Yes, Lisa thought, relieved that Elder Keesler wasn't taken. How nice.

Elder Pfingst continued beaming over his girlfriend's gifts. “Oatmeal gumdrop are my personal faves,” he said. “Those and snickerdoodles.”

Lisa turned her eyes on Elder Keesler. Her heart pounded wildly. She could hardly believe herself. She stared brazenly into his eyes. “How about you, Brother Keesler? What're your personal favorites?”

It was as if his gray-blue gaze narrowed somehow and found a way to slip inside her and look around. “I'll tell you the truth,” he said, smiling. “I never met a cookie I didn't like.”

Before taking up other conversation, he kept his eyes on her for just an extra half second, but it was an important half second, during which Lisa felt a strange tingling in every single part of her body.

CHAPTER FOURTEEN

Mary, Mary, Quite Contrary

Mick and his father had spent Sunday morning digging up a garden plot for Nora. They folded in chicken manure followed by a worm-rich batch of kitchen compost.

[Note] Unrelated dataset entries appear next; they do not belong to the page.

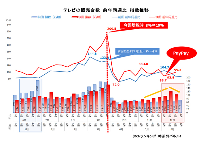 腰折れ感がハッキリ出ているのは、前回増税時の13年12月第1週を100としたときの指数推移を示す下の棒グラフ。11月第2週から4週連続で順調に上向いていたが、12月第3週は前週の121.1から17.4ポイントダウンの103.7に急落した。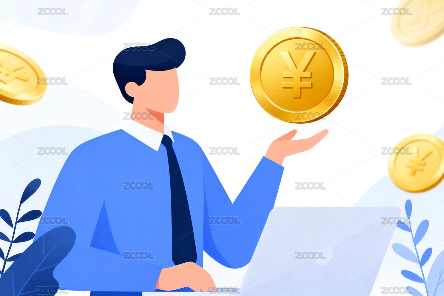 卡通手绘男人手持金币财富赚钱网络经济上涨插画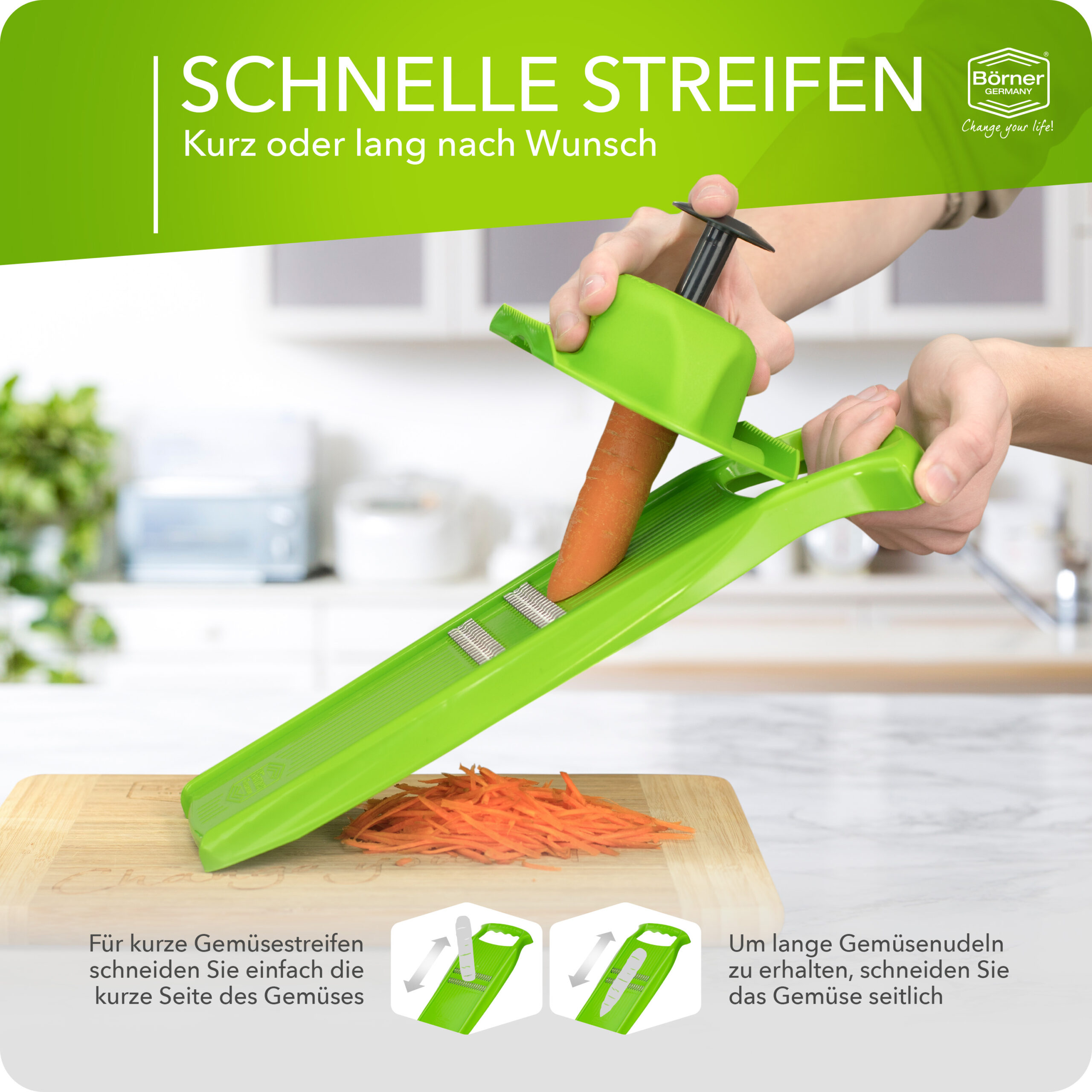 The Borner Roko PowerLine Julienne Slicer enables you to cut fruit and vegetables into fine, uniform “Julienne strips”. The Roko Slicer cuts carrots, celery, turnips, cabbage, parsnips, and more. Hard cheese or even chocolate emerge in beautiful strips. You can process large quantities in a very short time due to the rows of blades polished on both sides. To clean, simply hold briefly under running water.

Then they began rebuilding the wood-and-chicken-wire frame that was supposed to keep the red squirrels out, but never did.

The garden was Nora's summer pastime. Every year Mick's father said he'd do the preplanting grunt work, but after that his only job was to consume the fruits of her labor. Mick wasn't so cavalier. Past summers he'd enjoyed working with Nora in the garden, especially when it was hot and she would work in shorts and a halter top. On those days he'd liked working right along with her. But that seemed now like somebody else's former life, and he was glad Nora wasn't here today.

But then she was.

“Guess who just called?” she said as she arrived with two cold Cokes in hand.

Mick's father wiped sweat from his forehead with the back of his hand. “Well, if it was Kim Basinger, I hope you told her to stop pestering me.”

Nora chuckled politely. “It was Clyde D.,” she said.

Clyde D. Duzinski was an old high-school friend of Mick's father's, and in addition to running an auto body shop, he ran a small car lot on the side that specialized in custom muscle cars. The problem was, Clyde D. couldn't fix engines and didn't know anyone who could, except Mick's father.

Mick's father smiled. “Clyde D. got problems?”

“All over the place. He's supposed to deliver a classic B.T.O. to somebody tonight who's willing to pay very big bucks for the classic B.T.O., only the classic B.T.O. won't go.”

“G.T.O.,” his father said mildly. “It stands for Gran Turismo Omologato.”

Nora shrugged. “Anyhow, I took pity on him and you, and said you'd be over there as fast as your cute little legs would carry you.”

This surprised Mick—Nora usually hated seeing his father go off to Clyde D.'s because it meant he'd be there at least four or five hours. It must've surprised his father, too, because he said, “Really?”

Nora smiled and shrugged. “You can finish the squirrel frame next weekend. No big deal.”

Everyone dispersed. Nora went back into the house, Mick started putting the tools away, and his father drove off to Clyde D.'s. When Mick went back into the house, the shower was running upstairs. So, he thought. The stepmom's stepping out.

A plan took shape in Mick's mind. He'd thought of it before, but only in the abstract. Now he was going to do it. He changed clothes, grabbed his jacket and book bag, then yelled through the bathroom door to Nora, “I'm going to the library!”

He waited for her to yell back, but suddenly the door opened and she was yelling, “What?” and then, seeing him, said, “Oh.”

Nora was naked. Also embarrassed.

So was Mick.

She quickly stepped back and peered modestly around the door. “Thought you were downstairs yelling up,” she said.

Mick wasn't exactly sure what he'd just seen or what he'd just felt. He did know he was still blushing. “I just said I was going to the library.”

She nodded.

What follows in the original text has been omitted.